FDA has decided to reopen the case on GlaxoSmithKline’s Avandia and will ask an advisory committee whether or not they should lift restrictions on the drug. In 2007, eight years after the drug was FDA approved, evidence was published showing that Avandia increased the risk of heart attack by more than 40%. The FDA has asked that GSK’s clinical trial be considered for review. According to GSK’s website, the review found previously unreported cases of heart complications and fatalities, but not enough to change the conclusion that it raises cardiovascular safety risk. However, outside experts claim that the GSK trial was seriously flawed.
A major step forward was made for several cancer drugs recently.
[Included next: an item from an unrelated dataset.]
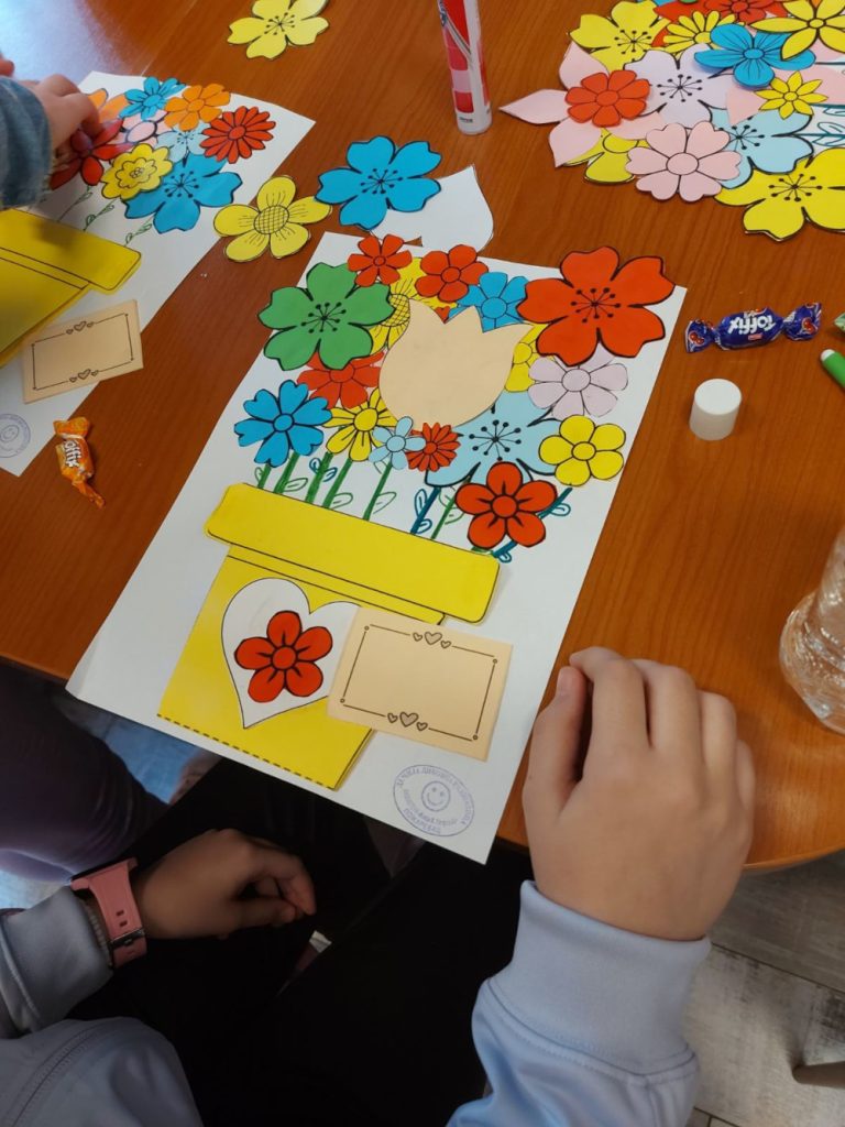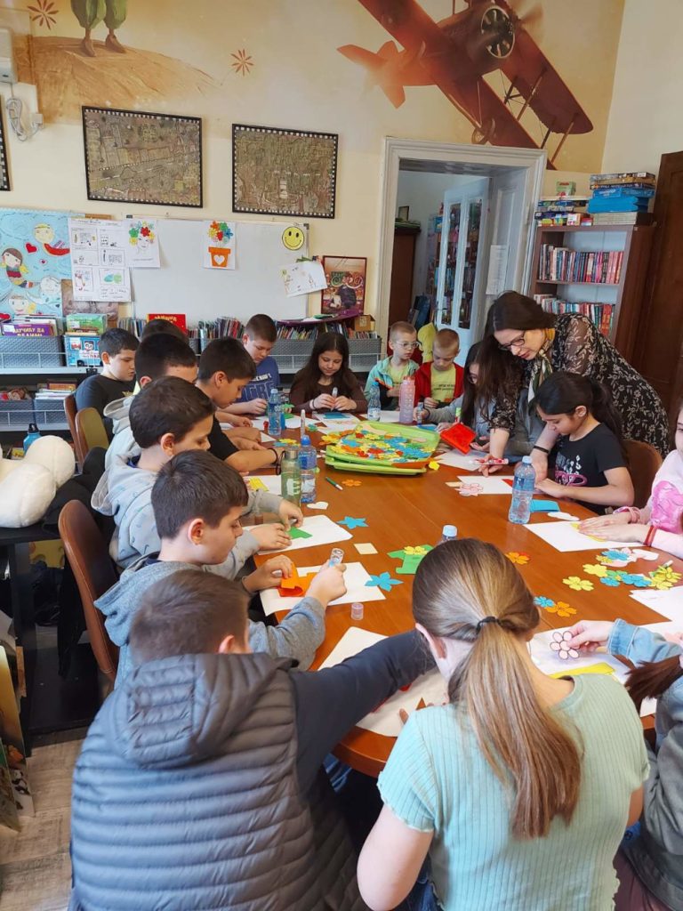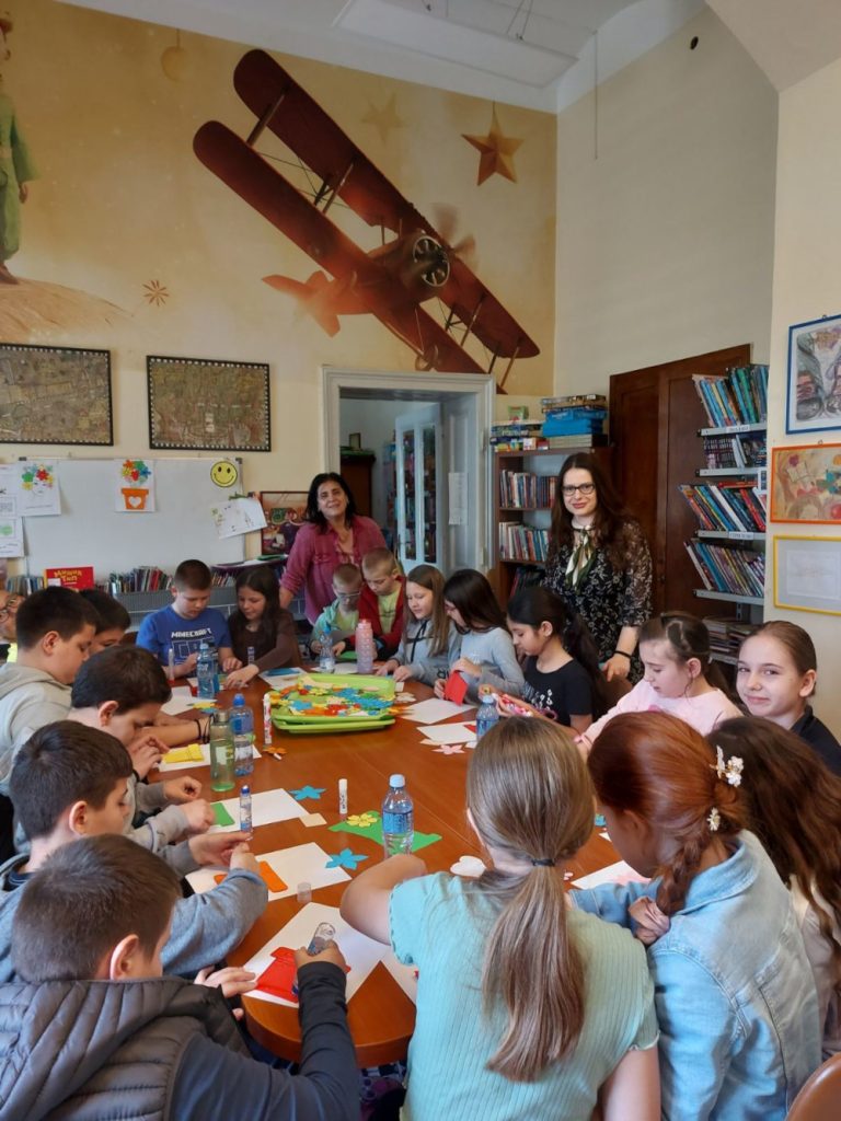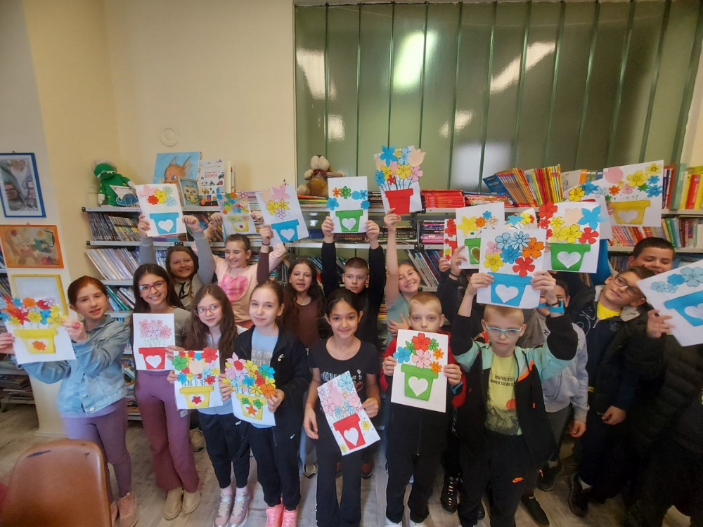 Предстојећи празник дао нам је повода да организујемо радионицу и за мало веће основце и да се позабавимо темама као што су права жена и борба за једнакост. Овога пута друштво су нам правили четвртаци Основне школе Краљ Александар I са учитељицом Виолетом Шалер, 5.марта. Први део радионице био је посвећен разговору о значају 8.марта и зашто се баш тај дан прославља као дан жена. Љиљана Јовић, историчарка уметности, на интересантан и пријемчив начин дочарала је клинцима како су Клара Цеткин и Роза Луксембург повеле на хиљаде жена и утрле пут еманципацији и равноправности. Ђаци су имали прилику да чују како су жене живеле кроз историју, чиме су смеле да се баве, шта им је било забрањено и да ли су имале једнаке плате као и мушкарци. Наравно, осврнули смо се и на велике жене наше историје попут неустрашиве Чучук Стане, наше суграђанке и сликарке Милене Павловић Барили, прве српске лекарке Драге Љочић, затим Ксеније Атанасијевић, прве жене доктора наука на нашем универзитету. Поменули смо и књижевнице Десанку Максимовић, Исидору Секулић, Светлану Велмар Јанковић… Отиснули смо се и у свет где смо се срели са Џејн Гудал, која је живот посветила истраживању мајмуна, летели смо са Амелијом Ерхарт и разговарали о малој црној хаљини Коко Шанел. Ученици су наводили и које то познате жене они знају, попут певачица, глумица, спортисткиња, а које остављају неизбрисив траг у свету. Након овог инспиративног разговара, други део радионице је био практичне природе и посвећен изради честитки за 8. март женама које су за њих лично најзначајније. Радионицу су водиле библиотекарке Александра Миленковић и Маја Маринковић Павловић. Док смо правили ове лепе успомене, сазнали смо коме је узор бака, кога је одгајила стрина, коме је мама највећи ослонац и чија тетка прави најлепше медењаке. Ове радознале четвртаке смо позвали да и убудуће буду наши гости и активно учествују у животу библиотеке.

GSK’s Tafinlar (dabrafenib) and Mekinist (trametinib) received approval for patients with advanced (metastatic) or unresectable (cannot be removed by surgery) melanoma, the most dangerous type of skin cancer.
The FDA also expanded the approved use of Amgen’s Xgeva (denosumab) to treat adults and some adolescents with giant cell tumor of the bone (GCTB), a rare and usually non-cancerous tumor. Xgeva is intended for patients whose GCTB cannot be surgically removed or when surgery is likely to result in severe morbid conditions, such as loss of limbs or joint removal.